By using **countplots effectively**, professionals can **gain quick insights** into categorical distributions, making it easier to detect trends, make informed decisions, and identify potential risks.


### **Example: Countplot of Claim Counts by City**
**Purpose** – 
This countplot visualizes **the number of claims made in different cities**, helping insurers understand geographic patterns in claims.
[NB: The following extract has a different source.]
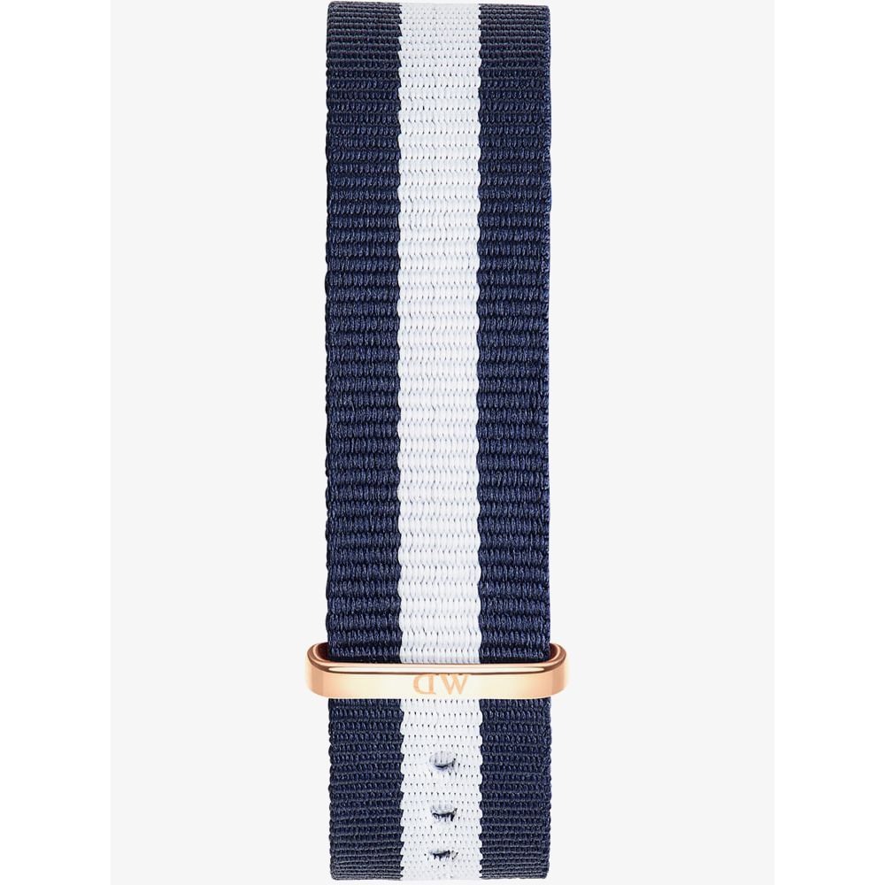 This blue and white fabric watch strap has rose gold tone fastening detail and has a width of 18mm.

Unlike a **bar chart**, which can display **any aggregated numerical value** (e.g., average repair cost), a countplot **only counts the number of occurrences of each category**.

In [None]:
import seaborn as sns
import matplotlib.pyplot as plt

plt.figure(figsize=(10,6))
sns.countplot(y=df['City'], order=df['City'].value_counts().index, color='steelblue')
plt.xlabel("Number of Claims")
plt.ylabel("City")
plt.title("Number of Claims by City")
plt.show()

#### Key Insights
- Shows which cities have the highest claim activity.
- Helps insurers detect regional risks and adjust policies accordingly.
- Reveals potential fraud if certain cities have an unexpectedly high volume of claims.
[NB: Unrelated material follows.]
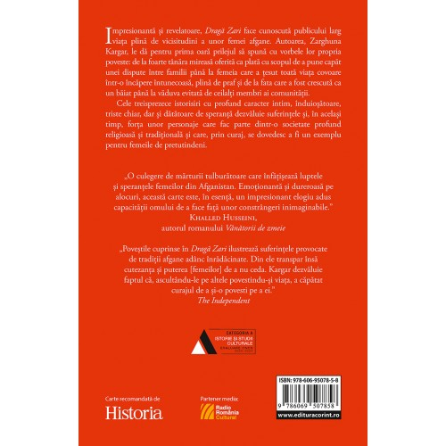 Draga Zari. Povesti nespuse ale unor femei din Afganistan de Zarghuna KargarImpresionanta si revelatoare, cartea face cunoscuta publicului larg viata plina de vicisitudini a unor femei afgane. Autoarea le da pentru prima oara prilejul sa spuna cu vorbele lor propria poveste: de la foarte tanara mireasa oferita ca plata cu scopul de a pune capat unei dispute intre familii pana la femeia care a tesut toata viata covoare intr-o incapere intunecoasa, plina de praf si de la fata care a fost crescuta ca un baiat pana la vaduva evitata de ceilalti membri ai comunitatii.Cele treisprezece istorisiri cu profund caracter intim, induiosatoare, triste chiar, dar si datatoare de speranta dezvaluie suferintele si, in acelasi timp, forta unor personaje care fac parte dintr-o societate profund religioasa si traditionala si care, prin curaj, se dovedesc a fi un exemplu pentru femeile de pretutindeni."O culegere de marturii tulburatoare care infatiseaza luptele si sperantele femeilor din Afganistan. Emotionanta si dureroasa pe alocuri, aceasta carte este, in esenta, un impresionant elogiu adus capacitatii omului de a face fata unor constrangeri inimaginabile." Khaled Husseini, autorul romanului Vanatorii de zmeie"Povestile cuprinse in Draga Zari ilustreaza suferintele provocate de traditii afgane adanc inradacinate. Din ele transpar insa cutezanta si puterea [femeilor] de a nu ceda. Kargar dezvaluie faptul ca, ascultandu-le pe altele povestindu-si viata, a capatat curajul de a si-o povesti pe a ei." The Independent

### How is This Different from a Bar Chart?
- Countplots are specifically used for categorical frequency (i.e., how many times a category appears in the dataset).
- Bar charts can display aggregated metrics, such as average cost per city or total payout per adjuster.
- A countplot always has "count" on one axis, while bar charts have a numerical variable that can be customized (e.g., sum, mean, max).
- Countplots cannot display numerical data categories directly; they require categorical variables.
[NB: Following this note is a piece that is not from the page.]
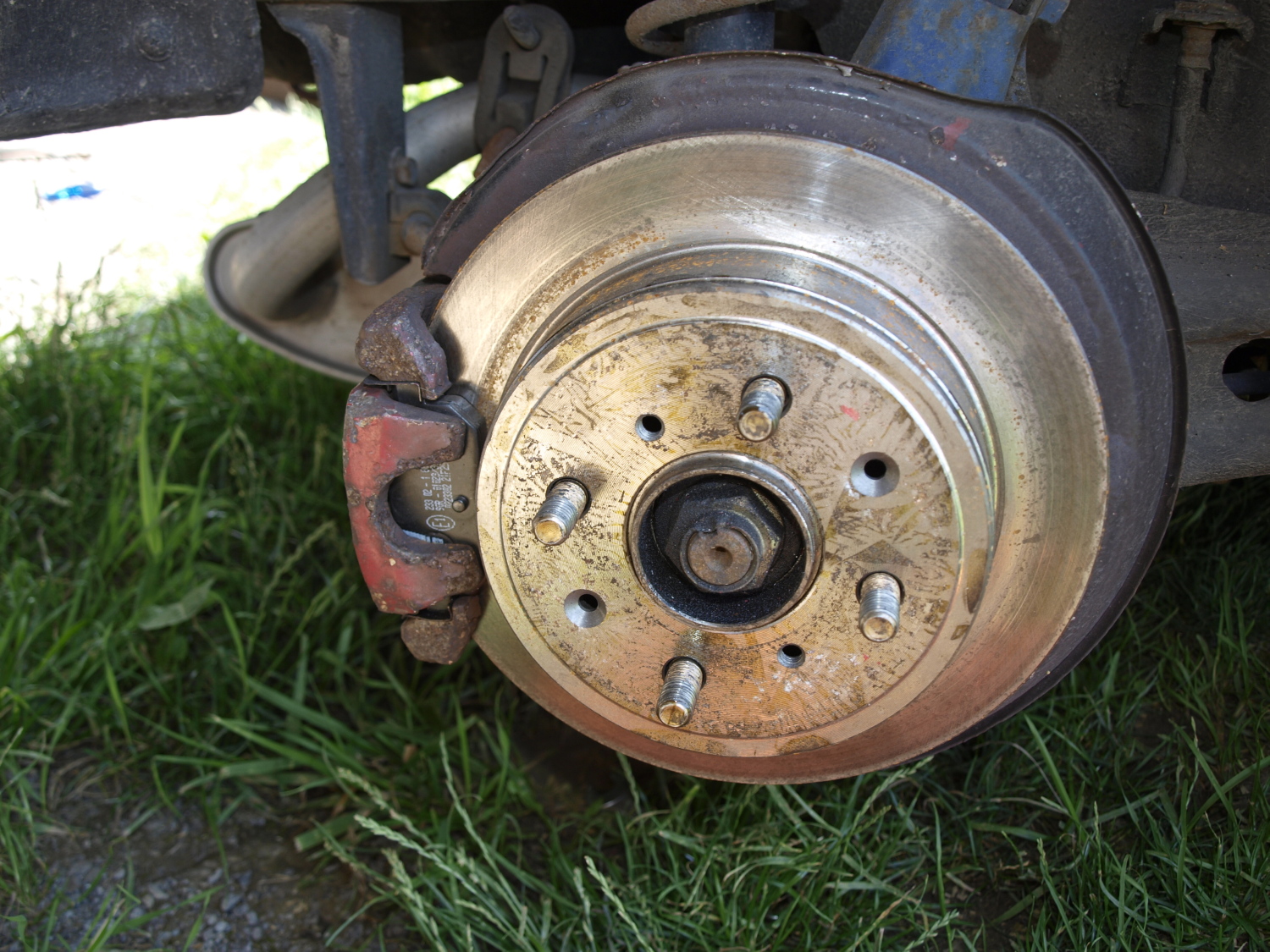 Dále jsou na autě cca 3 týdny nové kotouče Bosch, destičky Nipparts. Všechny brzdy mají vyměněné pístky a na pravém zadním kole je nově zrepasovaný třmen.

The main difference between a bar chart and a countplot lies in how they handle data:

1. Bar Chart (sns.barplot() or plt.bar())
Requires pre-aggregated data: You need to provide both the categorical variable (x-axis) and the corresponding numerical values (y-axis).

Used to display comparisons between different categories.

Example: Showing the average claim amount per adjuster.

```python
sns.barplot(x=df['Adjuster'], y=df['Claim_Amount'], estimator=np.mean)
```

2. Countplot (`sns.countplot()`)
Automatically counts occurrences: It works directly with categorical data and plots the frequency of each category.

No need for explicit aggregation: It automatically calculates the count of each unique value in the category column.

Example: Showing how many claims each adjuster has handled.

```python
sns.countplot(y=df['Adjuster'])
```

#### Summary



| Feature        | Bar Chart (`barplot`)       | Countplot (`countplot`)  |
|---------------|-----------------------------|-------------------------|
| **Data Input** | Categorical + numerical | Only categorical |
| **Aggregation** | Requires explicit aggregation (e.g., mean, sum) | Counts occurrences automatically |
| **Use Case** | Comparing values across categories | Counting occurrences of categories |


## **Conclusions on Countplots**
Countplots are a powerful visualization tool for analyzing **categorical data frequency**. They are especially useful in **insurance and accounting analytics** because they:
- **Quickly summarize categorical distributions** – Making it easy to see which categories appear most frequently.
- **Highlight trends and imbalances** – Identifying high-risk locations, commonly used service providers, or frequent claim types.
- **Detect anomalies** – Large variations in frequency could indicate fraud, data entry errors, or unexpected trends.
- **Enhance data-driven decision-making** – Helping insurers, auditors, and financial analysts make better-informed policy and business decisions.

By understanding **when to use a countplot versus a bar chart**, analysts can effectively visualize data **to extract meaningful insights and drive business intelligence**.